• INSTRUCTIONS TO FOLLOW: Within the entries below, please return exactly the lines from the one with "彭宣燕(右二)通過2023 年花蓮慈濟醫" through the one with "The D/S-CIJ3 is", leaving out any pictures.

• EXERCISE MATERIAL:
-=-=-

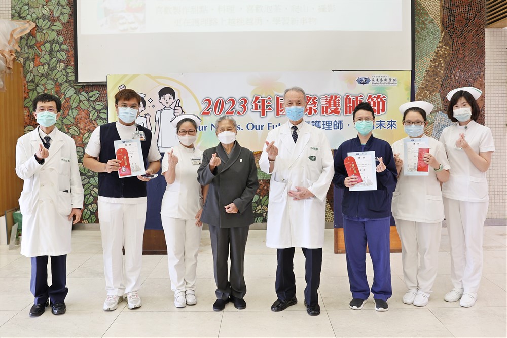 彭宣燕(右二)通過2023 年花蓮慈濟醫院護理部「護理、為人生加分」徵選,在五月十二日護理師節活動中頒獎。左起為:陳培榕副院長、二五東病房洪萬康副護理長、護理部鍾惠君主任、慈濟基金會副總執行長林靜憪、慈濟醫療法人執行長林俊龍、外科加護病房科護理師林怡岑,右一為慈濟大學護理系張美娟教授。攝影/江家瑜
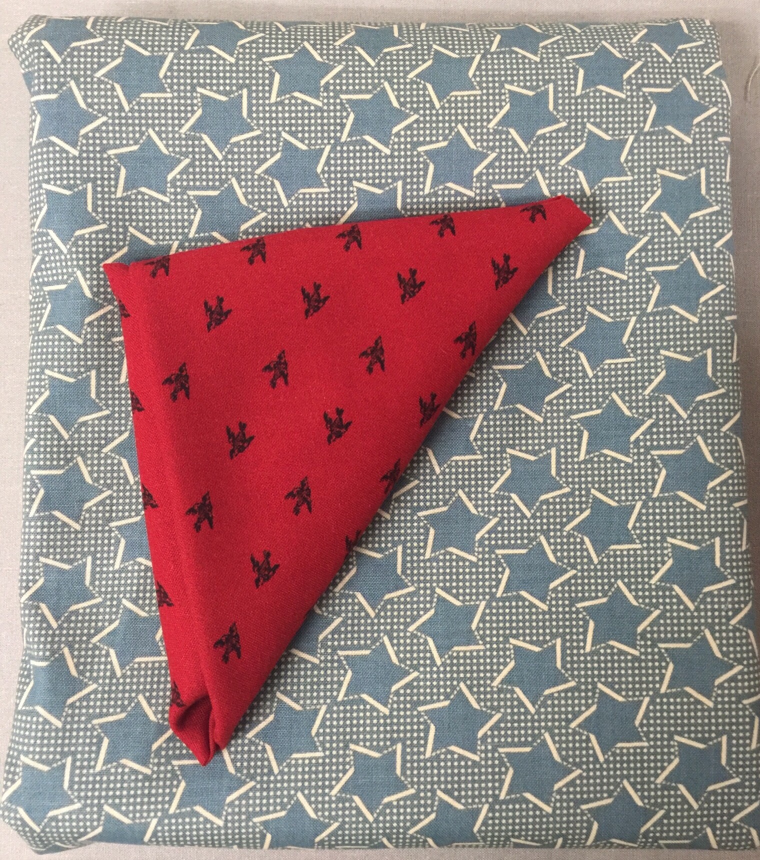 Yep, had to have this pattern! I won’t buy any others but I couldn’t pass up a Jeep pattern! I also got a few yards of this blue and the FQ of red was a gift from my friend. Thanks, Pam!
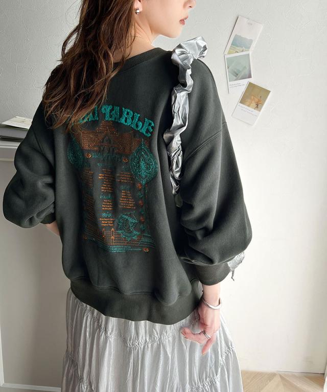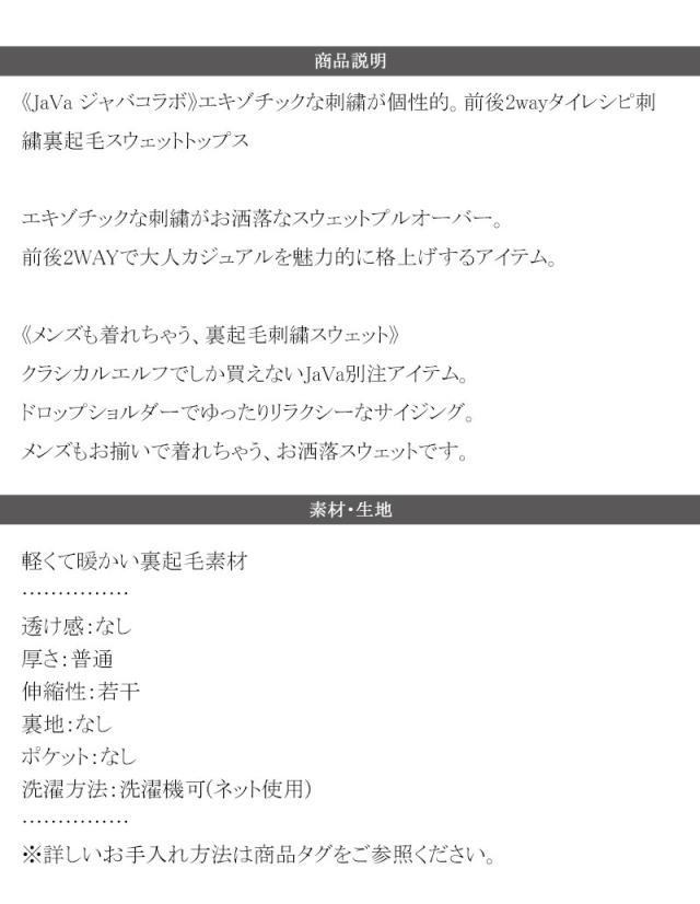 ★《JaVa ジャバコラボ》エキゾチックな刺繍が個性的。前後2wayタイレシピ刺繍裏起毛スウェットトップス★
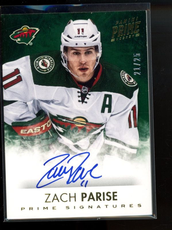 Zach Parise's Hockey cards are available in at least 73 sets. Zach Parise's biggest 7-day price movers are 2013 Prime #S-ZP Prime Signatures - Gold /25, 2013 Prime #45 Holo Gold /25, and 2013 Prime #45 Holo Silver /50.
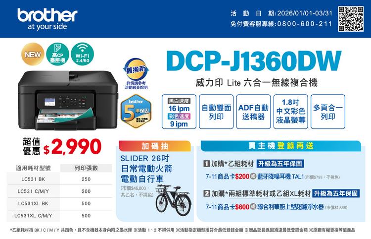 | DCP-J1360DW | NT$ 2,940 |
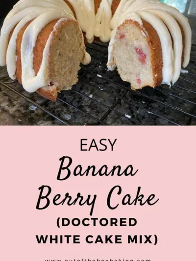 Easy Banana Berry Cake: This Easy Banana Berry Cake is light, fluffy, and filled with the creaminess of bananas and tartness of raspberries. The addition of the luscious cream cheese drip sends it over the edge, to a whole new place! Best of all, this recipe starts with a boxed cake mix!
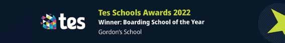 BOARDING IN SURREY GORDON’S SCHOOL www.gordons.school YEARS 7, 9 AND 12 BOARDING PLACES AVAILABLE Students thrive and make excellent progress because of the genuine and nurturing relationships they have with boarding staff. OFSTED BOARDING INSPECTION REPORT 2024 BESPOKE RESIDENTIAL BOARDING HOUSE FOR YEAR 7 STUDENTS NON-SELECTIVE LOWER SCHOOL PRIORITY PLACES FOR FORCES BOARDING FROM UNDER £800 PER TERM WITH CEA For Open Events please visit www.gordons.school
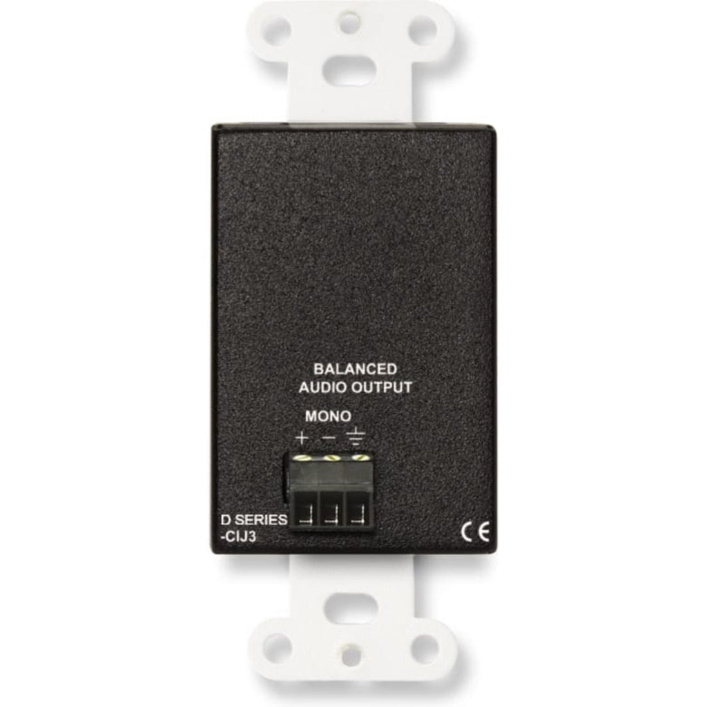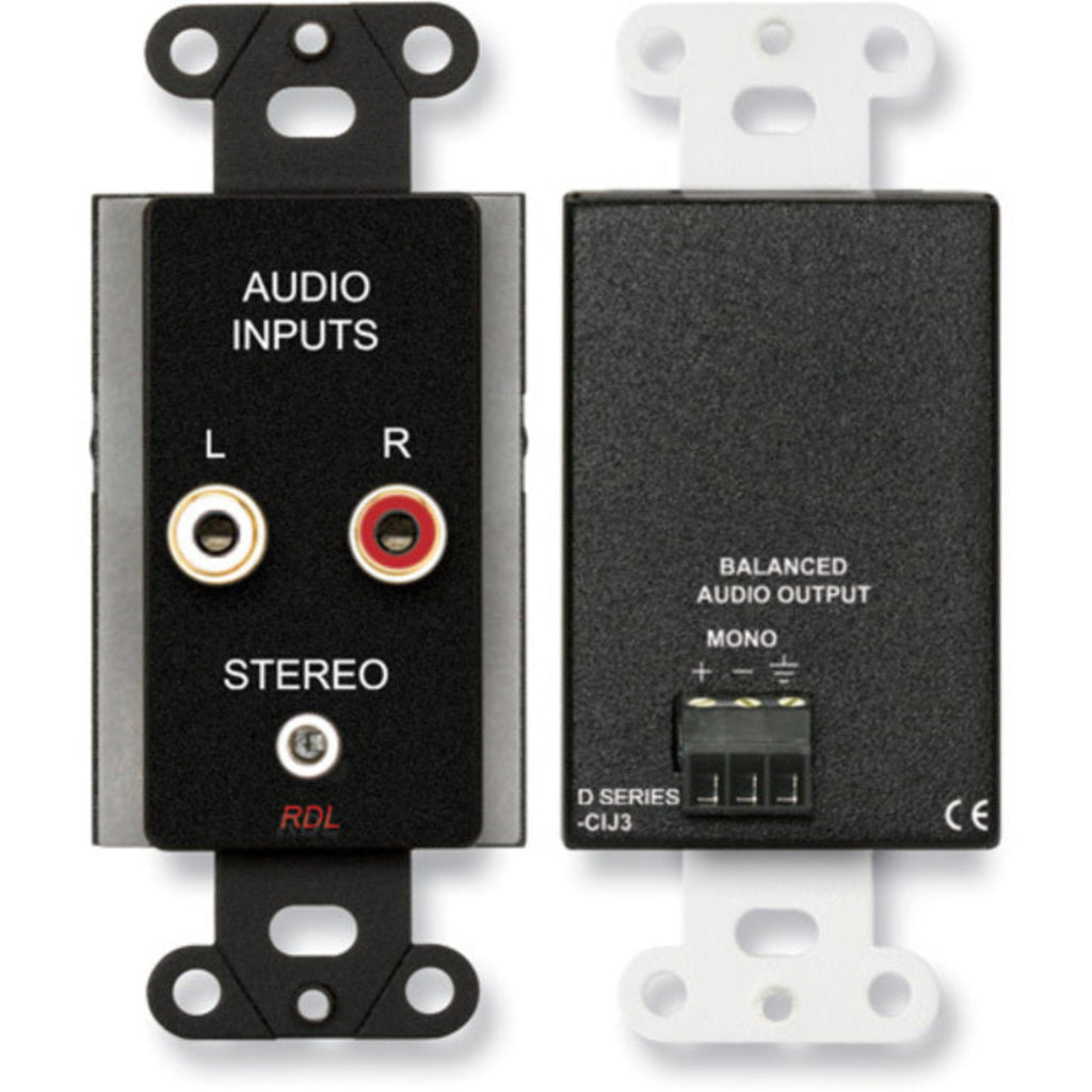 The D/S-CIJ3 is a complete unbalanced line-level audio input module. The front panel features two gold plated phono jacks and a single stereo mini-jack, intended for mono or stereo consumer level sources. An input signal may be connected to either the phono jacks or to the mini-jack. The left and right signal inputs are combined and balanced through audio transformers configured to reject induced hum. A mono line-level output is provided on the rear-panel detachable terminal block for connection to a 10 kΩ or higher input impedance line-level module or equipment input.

-=-=-

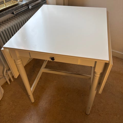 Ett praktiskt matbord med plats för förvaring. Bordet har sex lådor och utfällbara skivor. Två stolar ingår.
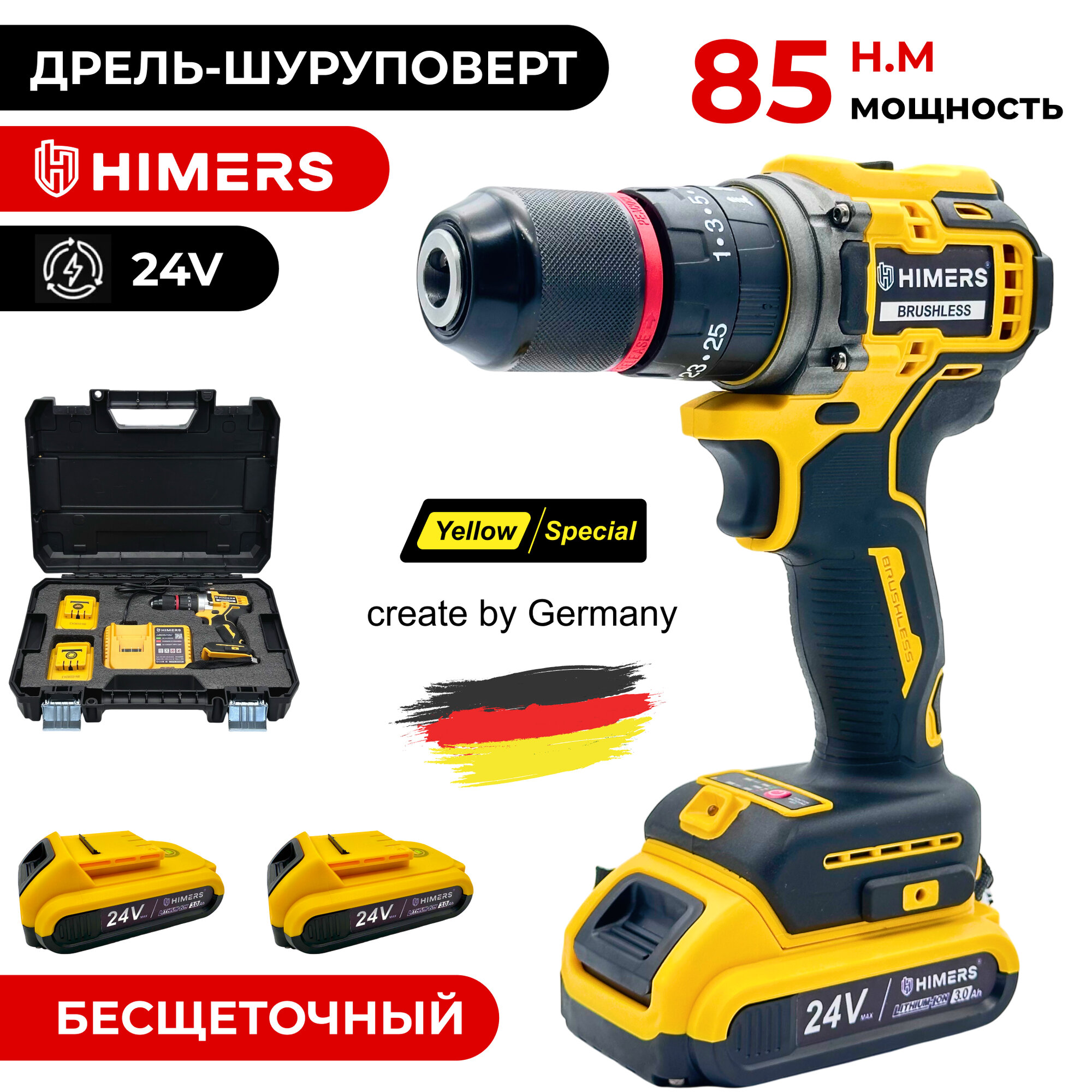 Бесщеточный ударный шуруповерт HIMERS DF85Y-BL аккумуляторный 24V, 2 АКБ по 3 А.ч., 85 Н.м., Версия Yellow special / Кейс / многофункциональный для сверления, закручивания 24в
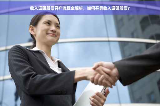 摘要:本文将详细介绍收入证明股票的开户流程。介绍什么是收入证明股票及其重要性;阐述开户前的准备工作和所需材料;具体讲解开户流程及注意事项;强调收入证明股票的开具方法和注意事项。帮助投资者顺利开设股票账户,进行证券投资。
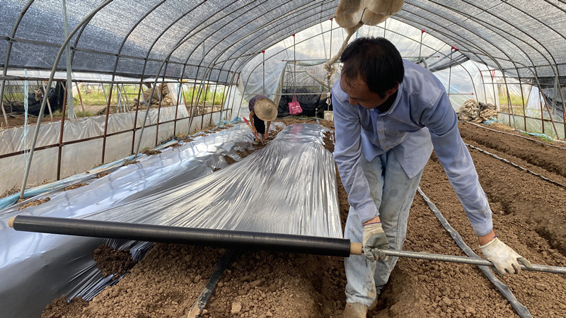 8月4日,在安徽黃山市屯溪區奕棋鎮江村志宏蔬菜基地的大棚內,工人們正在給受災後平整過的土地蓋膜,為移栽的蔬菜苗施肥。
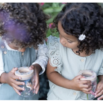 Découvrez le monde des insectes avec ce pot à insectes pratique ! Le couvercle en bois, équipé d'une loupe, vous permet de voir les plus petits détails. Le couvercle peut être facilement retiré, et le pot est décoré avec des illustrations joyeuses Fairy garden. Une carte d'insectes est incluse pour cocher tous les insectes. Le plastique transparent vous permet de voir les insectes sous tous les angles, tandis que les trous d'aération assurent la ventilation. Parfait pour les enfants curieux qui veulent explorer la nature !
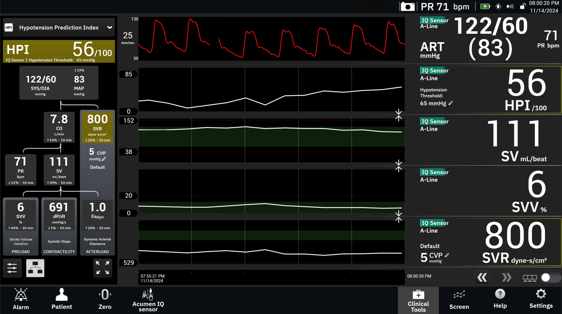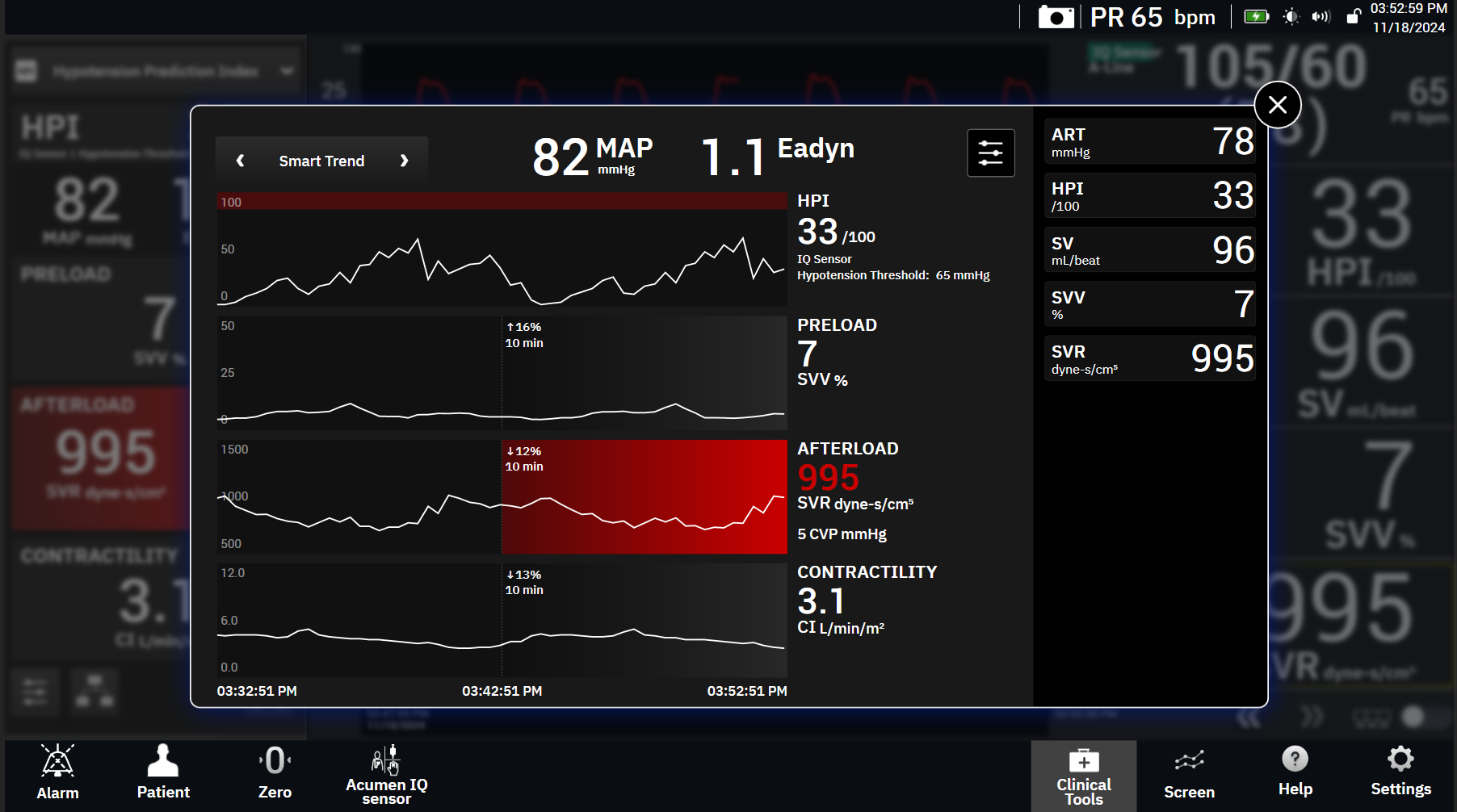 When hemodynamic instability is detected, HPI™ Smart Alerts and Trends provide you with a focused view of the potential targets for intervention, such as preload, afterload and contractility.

-=-=-

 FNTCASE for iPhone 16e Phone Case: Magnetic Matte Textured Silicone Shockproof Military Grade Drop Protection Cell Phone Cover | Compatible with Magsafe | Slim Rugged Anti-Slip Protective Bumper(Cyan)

-=-=-

• ANSWER SECTION:
 彭宣燕(右二)通過2023 年花蓮慈濟醫院護理部「護理、為人生加分」徵選,在五月十二日護理師節活動中頒獎。左起為:陳培榕副院長、二五東病房洪萬康副護理長、護理部鍾惠君主任、慈濟基金會副總執行長林靜憪、慈濟醫療法人執行長林俊龍、外科加護病房科護理師林怡岑,右一為慈濟大學護理系張美娟教授。攝影/江家瑜
 Yep, had to have this pattern! I won’t buy any others but I couldn’t pass up a Jeep pattern! I also got a few yards of this blue and the FQ of red was a gift from my friend. Thanks, Pam!
 ★《JaVa ジャバコラボ》エキゾチックな刺繍が個性的。前後2wayタイレシピ刺繍裏起毛スウェットトップス★
 Zach Parise's Hockey cards are available in at least 73 sets. Zach Parise's biggest 7-day price movers are 2013 Prime #S-ZP Prime Signatures - Gold /25, 2013 Prime #45 Holo Gold /25, and 2013 Prime #45 Holo Silver /50.
 | DCP-J1360DW | NT$ 2,940 |
 Easy Banana Berry Cake: This Easy Banana Berry Cake is light, fluffy, and filled with the creaminess of bananas and tartness of raspberries. The addition of the luscious cream cheese drip sends it over the edge, to a whole new place! Best of all, this recipe starts with a boxed cake mix!
 BOARDING IN SURREY GORDON’S SCHOOL www.gordons.school YEARS 7, 9 AND 12 BOARDING PLACES AVAILABLE Students thrive and make excellent progress because of the genuine and nurturing relationships they have with boarding staff. OFSTED BOARDING INSPECTION REPORT 2024 BESPOKE RESIDENTIAL BOARDING HOUSE FOR YEAR 7 STUDENTS NON-SELECTIVE LOWER SCHOOL PRIORITY PLACES FOR FORCES BOARDING FROM UNDER £800 PER TERM WITH CEA For Open Events please visit www.gordons.school
 The D/S-CIJ3 is a complete unbalanced line-level audio input module. The front panel features two gold plated phono jacks and a single stereo mini-jack, intended for mono or stereo consumer level sources. An input signal may be connected to either the phono jacks or to the mini-jack. The left and right signal inputs are combined and balanced through audio transformers configured to reject induced hum. A mono line-level output is provided on the rear-panel detachable terminal block for connection to a 10 kΩ or higher input impedance line-level module or equipment input.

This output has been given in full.